The long process of issuing new bank licences may perhaps be approaching its end. Whom the licences will be issued to is also pretty well known. The new governor of the Reserve Bank of India has appointed a committee to recommend new licensees. It has before it a list of a couple of dozen applicants who have managed to jump through all the hoops held up by the RBI. Most of the applicants have the support of one or other prominent business house; so they cannot be ignored on grounds of obscurity. The committee is headed by a former governor of the RBI known for his socialist and conservative leanings. So it is likely to choose the most boring names out of the list that confronts it. If everyone that has hitherto been shortlisted is given a licence, the number of banks could almost double; the actual increase is likely to be smaller. Licences are only the first step; the new banks will then have to find properties that can attract customers, staff that can be trusted with money, and depositors who are prepared to move from the banks they are familiar with. All this is going to take time; so it is unlikely that the banking structure of India will change much in the next decade.
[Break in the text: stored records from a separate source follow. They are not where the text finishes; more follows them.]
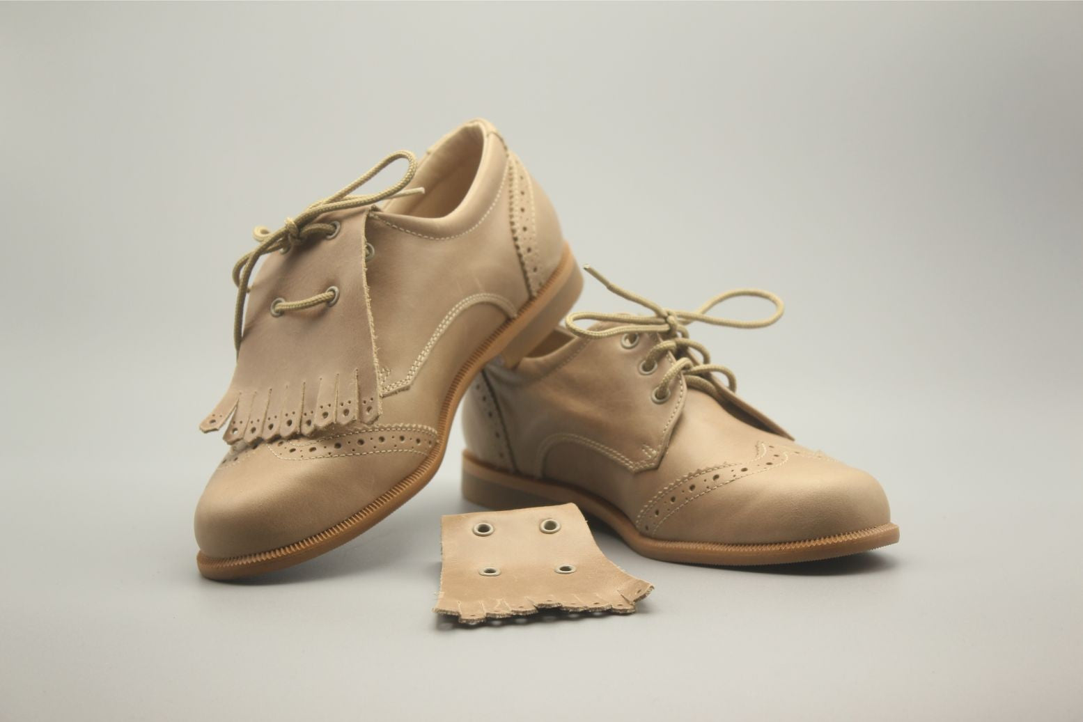 Zapatos con cordones y pieza de flecos que se puede poner y quitar a su gusto, 2 zapatos en uno perfectos para ceremonias y para combinar con las distintas tonalidades del traje.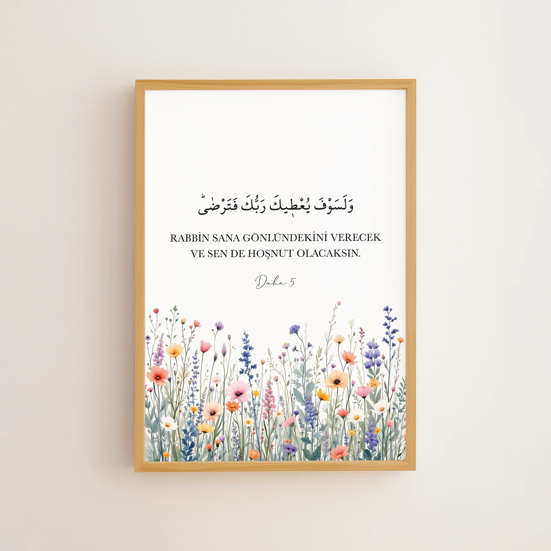Pastel çiçeklerin huzurlu tazeliğiyle “Rabbin sana gönlündekini verecek ve sen de hoşnut olacaksın” ayetini zarif bir dokunuşla sunar. Çerçeveli tablo veya poster olarak umut ve mutluluğu yansıtır.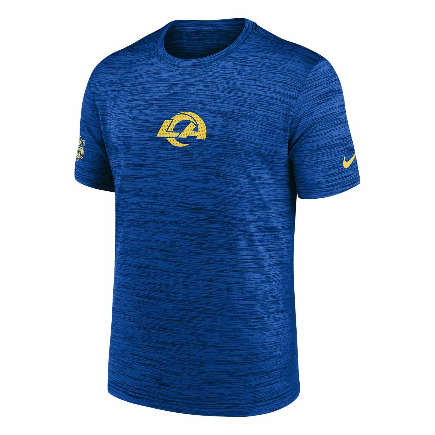 Nike Herren Velocity Dri-FIT Performance T-Shirt von deinen Los Angeles Rams aus der offiziellen 2025 NFL On-Field Sideline Kollektion.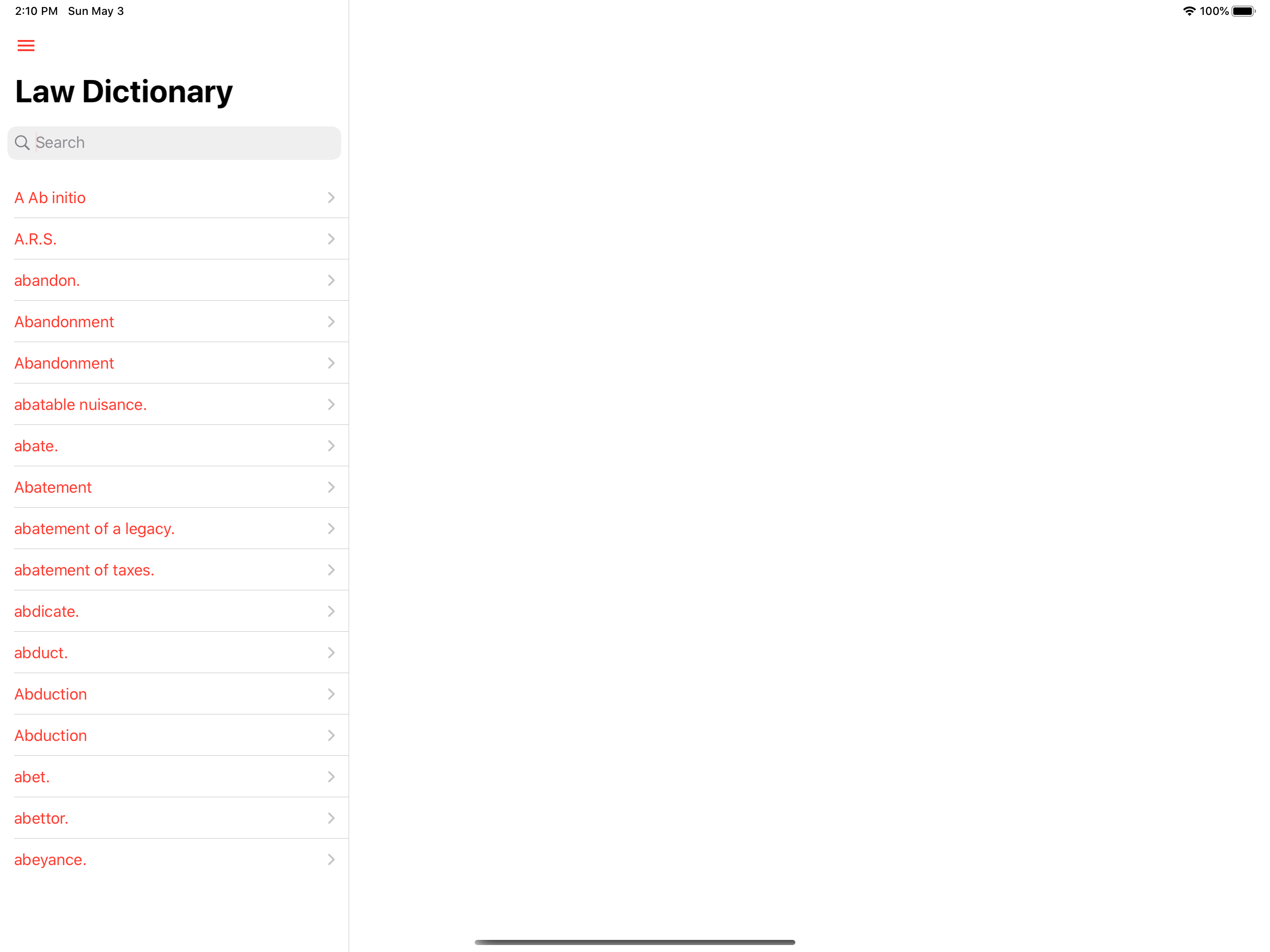 good app. private. very helpful. works offline. i find it a helpful accompaniment to bouvier's and black's law dictionaries.

Whatever competition emerges will be muted.

This is a pity, because the RBI also has ambitious requirements of the new banks, that they will open a quarter of their branches in villages where there is little business, and lend to the poor who are known all over the world for not being able to repay loans. This is implicit in the decisions already taken; although the new governor is distinguished by his rationality and sense of fairness, he will be able to do nothing to ameliorate the bias against the new banks. The bias is important in two respects. The existing banks have got all the bigger and sounder clients; the new banks will have to find borrowers amongst those with no or unknown borrowing records. And the existing banks have strategically positioned branches in cities; the new ones will have to site themselves in less promising locations. The RBI has long nudged the old banks to go in both these directions; it imposed quotas of rural branches and unattractive borrowers on them. It was singularly unsuccessful. They blithely ignored its instructions; after all, they were government banks, and knew that the RBI could never punish them.

There is, however, one class of clients that they ignored and that holds promise, namely village moneylenders. No one went near them because official machinery had branded them untouchables. But they do considerable lending business at attractive interest rates. The new banks should lend to them essentially, use them as rural branch managers, except that they would be independent entrepreneurs, and not employees.